Age Of Death For Retirees Will Cluster In The Early 90s, Study Says

Age at death will increasingly cluster in the 90s and the life expectancy of men and women will converge, according to a study by academics from Cass Business School in partnership with the International Longevity Centre UK (ILC UK). Over the coming decades, men in particular will live longer, increasing the need for the country to face the challenges of an ageing society.

Based on historical mortality data from England and Wales, Professor Les Mayhew and David Smith developed a new method for forecasting life expectancy which is outlined in their report, ‘A jam-jar model of life expectancy and limits to life’.  The results will be beneficial to individuals, government policy makers, pension providers and insurers as the new forecasts provide more certainty with which to plan.

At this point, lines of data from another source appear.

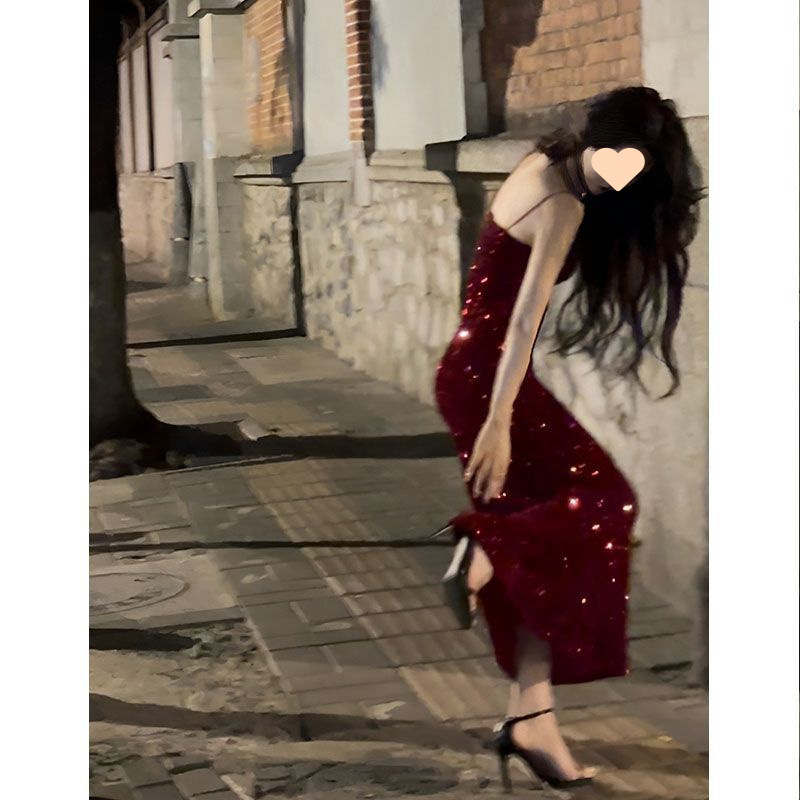 섹시한 붉은 사교계 벨벳 조각 슬링 원피스 원피스 높은 허리 슬리밍 피쉬 테일 원피스 여성을위한 우아한 원피스스토어 가기
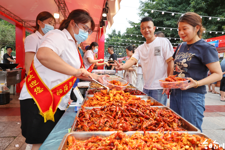 当天晚上,钱塘镇文化广场上人山人海,十分热闹。独唱、电音狂欢、动感舞蹈等文艺节目先后登场,精彩的表演赢得现场观众阵阵掌声。在游戏互动环节中,剥小龙虾比赛和喝啤酒比赛将现场气氛带向了高潮。观众们一边品尝热辣滚烫的小龙虾、畅饮沁人心脾的冰啤酒,一边欣赏着精彩节目,现场弥漫着一股浓浓的烟火气。
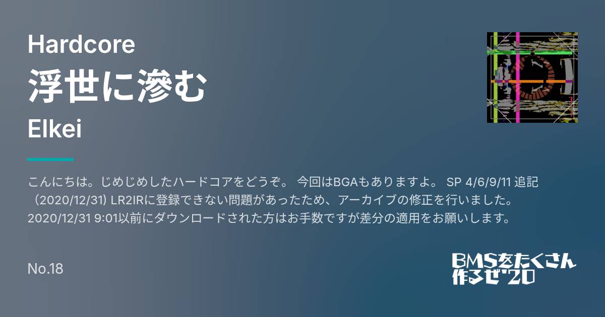 こんにちは。じめじめしたハードコアをどうぞ。 今回はBGAもありますよ。 SP 4/6/9/11 追記(2020/12/31) LR2IRに登録できない問題があったため、アーカイブの修正を行いました。 2020/12/31 9:01以前にダウンロードされた方はお手数ですが差分の適用をお願いします。
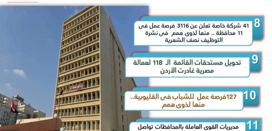 أعلنت وزارة القوى العاملة في بيان لها عن تلقيها طلبات من 41 شركة قطاع خاص في 11 محافظة لشغل 3116 وظيفة خالية، في عدد من التخصصات، منها لذوى القدرات الخاصة، برواتب تبدأ من 2700 جنيه شهريا ، فضلا عن التأمين الصحي والاجتماعي،وذلك للتقديم عليها خلال شهري مارس وأبريل 2023.
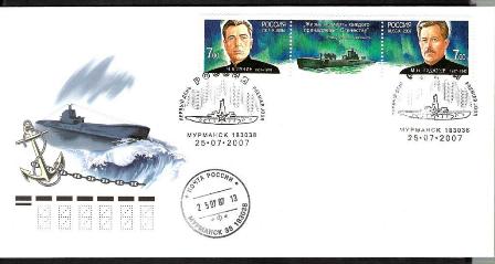 Russia 1962 6k sg2665, scott? 2007 7R sg?, scott? 2007 envelope (most probably the submarine is the K-21 in the margin, see index.)
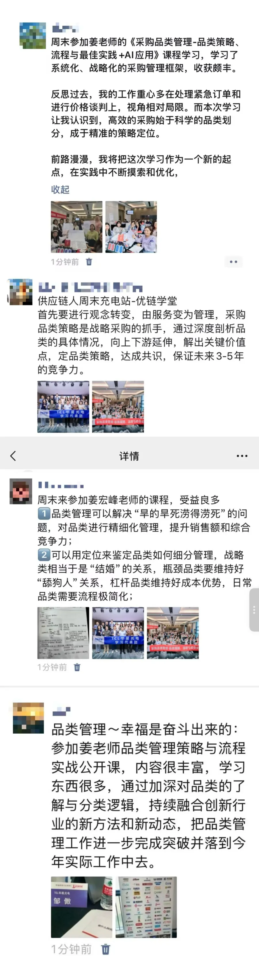 姜老师通过持续不断地深入企业辅导,落地提炼出来一套行之有效的采购品类管理体系、策略和方法,辅导企业每年做品类报告、品类策略大赛、品类管理案例集,深度融入企业的组织基因中。不仅帮企业提升了采购团队的专业度,解决了跨部门的协同问题,更帮企业实现了精准降本增效的难题。
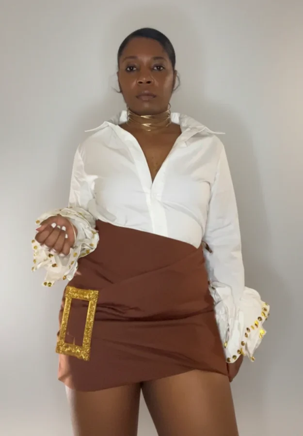 Buckle up mini skirt.
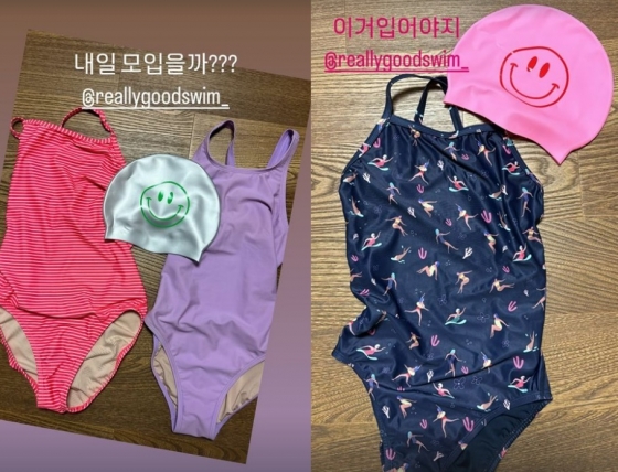 신봉선은 "내일 뭐 입을까?", "이거 입어야지"하며 들뜬 마음으로 수영복을 고르는 근황도 전했다.
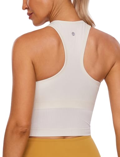 CRZ YOGA Women's Longline Ribbed Crop Tank Top Padded Wireless Racer Back Sports Bra Yoga Vest Tops with Built in Bra White Apricot 12
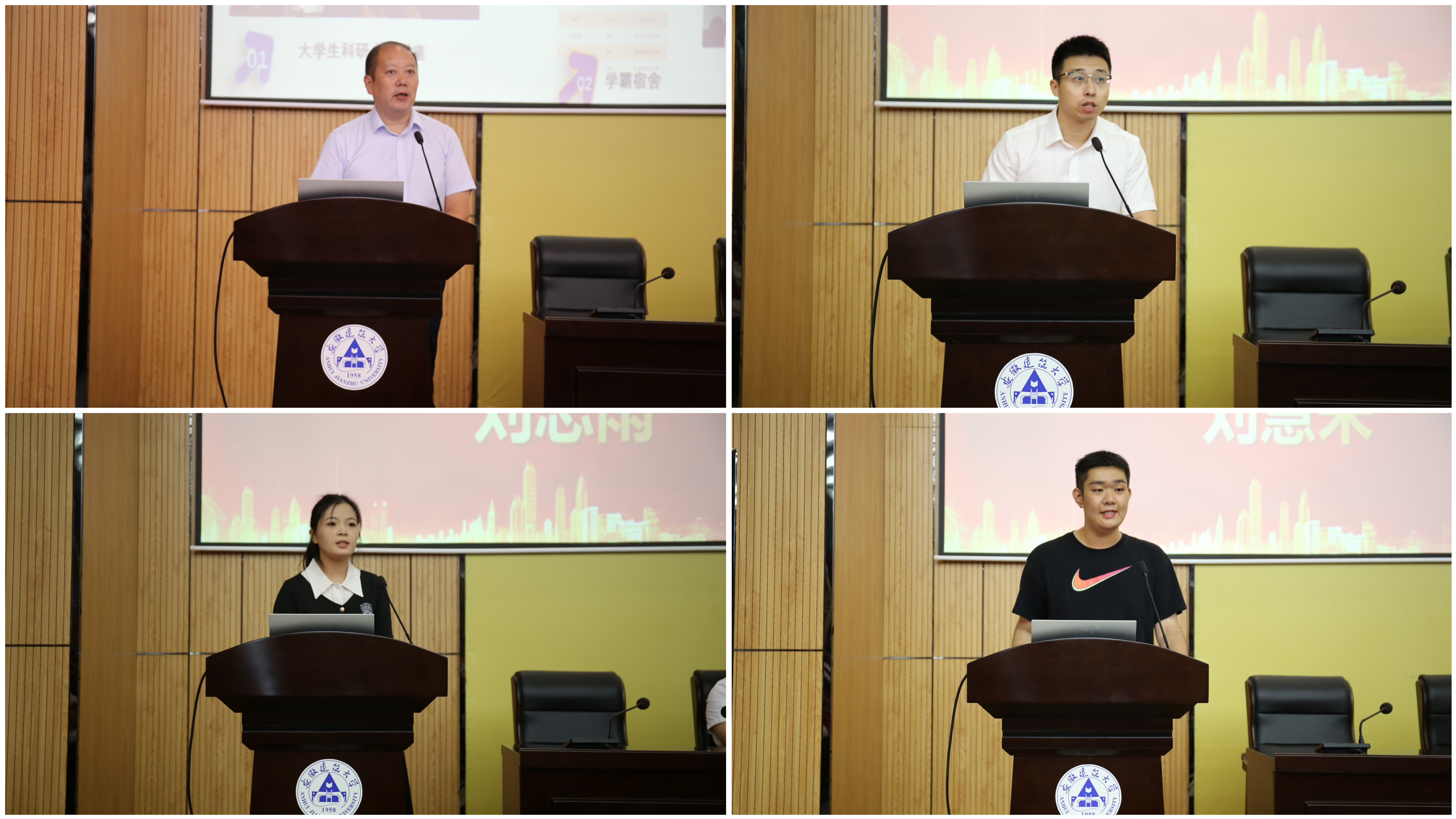 老生代表2022级消防专业刘思雨同学鼓励学弟学妹们勇于探索、不畏挫折,为新生们提出了三点建议:要树立明确的目标、养成良好的学习习惯、积极参加文体活动,期待在未来的日子里,能和他们一起够勇敢地追逐自己的梦想,不畏艰难险阻,勇往直前。2024级建筑环境与能源应用工程专业刘慧来代表新生发言,他说:“我和室友在日月广场看夜火阑珊,到南苑门前看银杏金黄,在徽弘门下感受学校厚重历史、雕梁画栋的徽派建筑感受徽学楼梅林的浪漫”,作为建大新生,将脚踏实地勇往直前,在领导、老师的教诲下,展现青春作为、彰显青春风采,以实际行动书写“建大学子”的荣光。

Les Mayhew, Professor of Statistics at Cass Business School, said: “We expect that most future growth in life expectancy will come between the ages 70 and 90. Life expectancy beyond 100 years of age is increasing very slowly and so will not contribute as much as was previously thought.  As a result, the age at death will tend to increasingly cluster in the 90s and the age of death of men and women will converge.”

One of great success stories in the United Kingdom is that people are living longer and men’s life expectancy is catching up with women’s. Male life expectancy at birth is now almost 80 years, having advanced 14 years since 1950 thanks to reductions in smoking, a decline in hazardous occupations, better health care and higher standards of living.

This success presents the country with a huge economic opportunity if these extra years are spent in prosperity and good health, but significant economic danger if they are not.

Realising the full potential of older citizens of the United Kingdom will be central to the Government’s response to changing economic circumstances and the drive to build a strong, fair economy for the twenty-first century. However, the challenges posed by an ageing society come at a cost in terms of pensions, higher health and social care costs and infrastructural change.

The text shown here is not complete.